Already on GitHub? Sign in to your account

Allocate interned strings in a contigious buffer #16

Closed
matklad opened this issue Mar 22, 2020 · 8 comments
Closed

Allocate interned strings in a contigious buffer #16

matklad opened this issue Mar 22, 2020 · 8 comments

Comments

@matklad
Copy link

matklad commented Mar 22, 2020

This is just a crazy idea, which might not actually work out in practice, but...

At the moment, the interner does roughly as many allocations, as there are interned strings, as each string is a separate box. A more efficient approach would be to append strings to a growing stable storage (Vec<String>, where each String has capacity double of the previous one). That they, there would be roughly O(log(n)) allocations, which helps if original strings are not themselves separately allocated (if, for example, a compiler interns all identifiers from a single source file).

The minimal implementation doesn't look too bad:

use std::collections::HashMap;

pub struct Interner {
    /// &'static strs point into self.buf
    map: HashMap<&'static str, u32>,
    vec: Vec<&'static str>,
    /// Invariant: these strings are never resized
    buf: Vec<String>,
}

impl Default for Interner {
    fn default() -> Self {
        Interner { map: HashMap::default(), vec: Vec::new(), buf: vec![String::with_capacity(128)] }
    }
}

impl Interner {
    pub fn intern(&mut self, name: &str) -> u32 {
        if let Some(&idx) = self.map.get(name) {
            return idx;
        }
        let name = unsafe { self.alloc(name) };
        let idx = self.map.len() as u32;
        self.map.insert(name, idx);
        self.vec.push(name);
        idx
    }

    pub fn lookup(&self, id: u32) -> &str {
        self.vec[id as usize]
    }

    unsafe fn alloc(&mut self, name: &str) -> &'static str {
        let mut last = self.buf.last_mut().unwrap();
        if last.capacity() - last.len() < name.len() {
            let cap = (last.capacity().max(name.len()) + 1).next_power_of_two();
            self.buf.push(String::with_capacity(cap));
            last = self.buf.last_mut().unwrap();
        }
        let start = last.len();
        last.push_str(name);
        &*(&last[start..] as *const str)
    }
}
@Robbepop
Copy link
Owner

Robbepop commented Mar 22, 2020

Thanks for the suggestion!

I also already made some thoughts how we can reduce the number of allocations.
Your proposal is interesting and I will experiment a bit with it over the weekend.
One behaviour of StringInterner so far was that it can efficiently take ownership of String while it also accepts &str. I see this being in conflict with certain arena-like designs. Also I already experimented with usage of Pin in StringInterner.

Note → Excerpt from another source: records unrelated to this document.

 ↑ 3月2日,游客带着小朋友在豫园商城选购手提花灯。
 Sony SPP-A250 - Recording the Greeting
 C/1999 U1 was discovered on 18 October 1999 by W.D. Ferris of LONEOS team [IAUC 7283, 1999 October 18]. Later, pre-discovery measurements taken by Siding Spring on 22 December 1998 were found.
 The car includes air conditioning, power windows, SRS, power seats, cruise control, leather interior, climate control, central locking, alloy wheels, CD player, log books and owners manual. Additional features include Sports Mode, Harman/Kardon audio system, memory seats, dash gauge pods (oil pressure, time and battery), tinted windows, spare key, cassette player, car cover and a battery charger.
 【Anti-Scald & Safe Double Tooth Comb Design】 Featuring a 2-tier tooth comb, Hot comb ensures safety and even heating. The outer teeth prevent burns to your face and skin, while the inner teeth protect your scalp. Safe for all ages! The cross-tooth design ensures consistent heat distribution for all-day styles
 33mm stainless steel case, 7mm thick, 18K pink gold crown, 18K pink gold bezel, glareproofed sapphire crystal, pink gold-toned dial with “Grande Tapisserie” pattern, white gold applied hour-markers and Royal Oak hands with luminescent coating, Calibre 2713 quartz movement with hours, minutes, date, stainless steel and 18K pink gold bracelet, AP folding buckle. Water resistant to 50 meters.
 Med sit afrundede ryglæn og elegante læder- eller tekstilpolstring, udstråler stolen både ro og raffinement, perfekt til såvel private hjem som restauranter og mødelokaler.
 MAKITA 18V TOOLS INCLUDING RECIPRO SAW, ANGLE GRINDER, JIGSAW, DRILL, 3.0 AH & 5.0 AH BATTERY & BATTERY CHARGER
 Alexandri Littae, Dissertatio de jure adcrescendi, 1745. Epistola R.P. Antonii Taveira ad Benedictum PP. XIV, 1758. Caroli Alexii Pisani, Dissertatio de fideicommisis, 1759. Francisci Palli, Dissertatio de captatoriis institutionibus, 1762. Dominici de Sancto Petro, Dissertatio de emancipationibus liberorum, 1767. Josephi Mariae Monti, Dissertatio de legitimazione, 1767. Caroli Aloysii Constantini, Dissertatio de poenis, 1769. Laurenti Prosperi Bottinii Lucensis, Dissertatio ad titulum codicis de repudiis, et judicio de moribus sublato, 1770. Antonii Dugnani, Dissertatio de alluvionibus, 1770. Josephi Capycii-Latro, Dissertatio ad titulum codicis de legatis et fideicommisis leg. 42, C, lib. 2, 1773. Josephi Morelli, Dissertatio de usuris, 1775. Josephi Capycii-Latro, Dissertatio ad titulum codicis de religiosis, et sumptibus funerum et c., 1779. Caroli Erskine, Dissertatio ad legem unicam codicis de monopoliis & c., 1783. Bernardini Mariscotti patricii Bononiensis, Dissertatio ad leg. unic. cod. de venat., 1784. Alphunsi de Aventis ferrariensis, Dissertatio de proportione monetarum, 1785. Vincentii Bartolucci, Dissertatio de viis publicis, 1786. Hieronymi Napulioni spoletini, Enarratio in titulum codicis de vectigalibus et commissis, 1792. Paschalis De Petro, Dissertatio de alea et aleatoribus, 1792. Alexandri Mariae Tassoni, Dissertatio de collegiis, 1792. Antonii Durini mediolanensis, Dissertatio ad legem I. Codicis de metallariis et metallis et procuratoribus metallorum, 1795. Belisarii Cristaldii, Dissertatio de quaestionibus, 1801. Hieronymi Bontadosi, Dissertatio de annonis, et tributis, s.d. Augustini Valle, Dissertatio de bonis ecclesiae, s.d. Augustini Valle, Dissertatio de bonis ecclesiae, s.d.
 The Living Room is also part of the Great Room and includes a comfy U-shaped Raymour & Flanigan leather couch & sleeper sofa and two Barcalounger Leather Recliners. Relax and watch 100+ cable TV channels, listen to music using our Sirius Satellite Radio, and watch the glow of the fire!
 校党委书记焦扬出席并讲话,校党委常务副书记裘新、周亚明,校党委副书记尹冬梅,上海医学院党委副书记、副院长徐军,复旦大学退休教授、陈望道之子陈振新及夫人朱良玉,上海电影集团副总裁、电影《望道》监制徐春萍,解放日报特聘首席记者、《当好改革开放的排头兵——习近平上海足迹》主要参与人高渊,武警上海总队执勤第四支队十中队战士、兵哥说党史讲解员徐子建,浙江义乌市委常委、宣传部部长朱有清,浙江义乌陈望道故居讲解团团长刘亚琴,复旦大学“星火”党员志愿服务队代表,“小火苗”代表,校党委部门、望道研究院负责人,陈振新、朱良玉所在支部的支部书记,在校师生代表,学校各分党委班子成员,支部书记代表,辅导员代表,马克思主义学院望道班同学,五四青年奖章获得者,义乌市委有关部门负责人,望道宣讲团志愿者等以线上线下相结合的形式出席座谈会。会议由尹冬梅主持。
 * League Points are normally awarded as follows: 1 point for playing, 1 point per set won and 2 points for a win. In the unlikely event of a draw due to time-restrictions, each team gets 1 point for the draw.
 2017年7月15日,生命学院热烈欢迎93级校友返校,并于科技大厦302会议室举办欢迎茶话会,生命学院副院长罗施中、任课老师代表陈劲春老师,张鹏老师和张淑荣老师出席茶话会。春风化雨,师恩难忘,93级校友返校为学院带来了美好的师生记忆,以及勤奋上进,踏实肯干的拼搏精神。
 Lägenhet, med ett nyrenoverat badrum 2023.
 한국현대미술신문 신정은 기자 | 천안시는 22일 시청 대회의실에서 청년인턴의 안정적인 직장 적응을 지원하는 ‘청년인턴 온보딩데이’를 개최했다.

I was also experimenting with integrating https://crates.io/crates/bucket_vec with which prevents re-allocations compared with a normal vector upon push. So we can store u8 in it instead of String. However, there are other complications with it.

Have you looked into the ustr crate? It also is a string interner that allocates a whole chunk of data and puts strings in a similar vein into those chunks until they are filled to eventually just leak them and allocate another chunk of data. All to avoid heap allocations. Accordings to the authors it is faster than string_interner but it is using far more unsafe code as a trade off.

@matklad
Copy link
Author

matklad commented Mar 22, 2020

Yup, the above version is basically an inline version of bucket_vec (but by using String directly one avoids unsafety related to utf8).

I haven't seen ustr before, thanks for the pointer. It indeed seems much more complicated, and leaking memory won't fit every use-case.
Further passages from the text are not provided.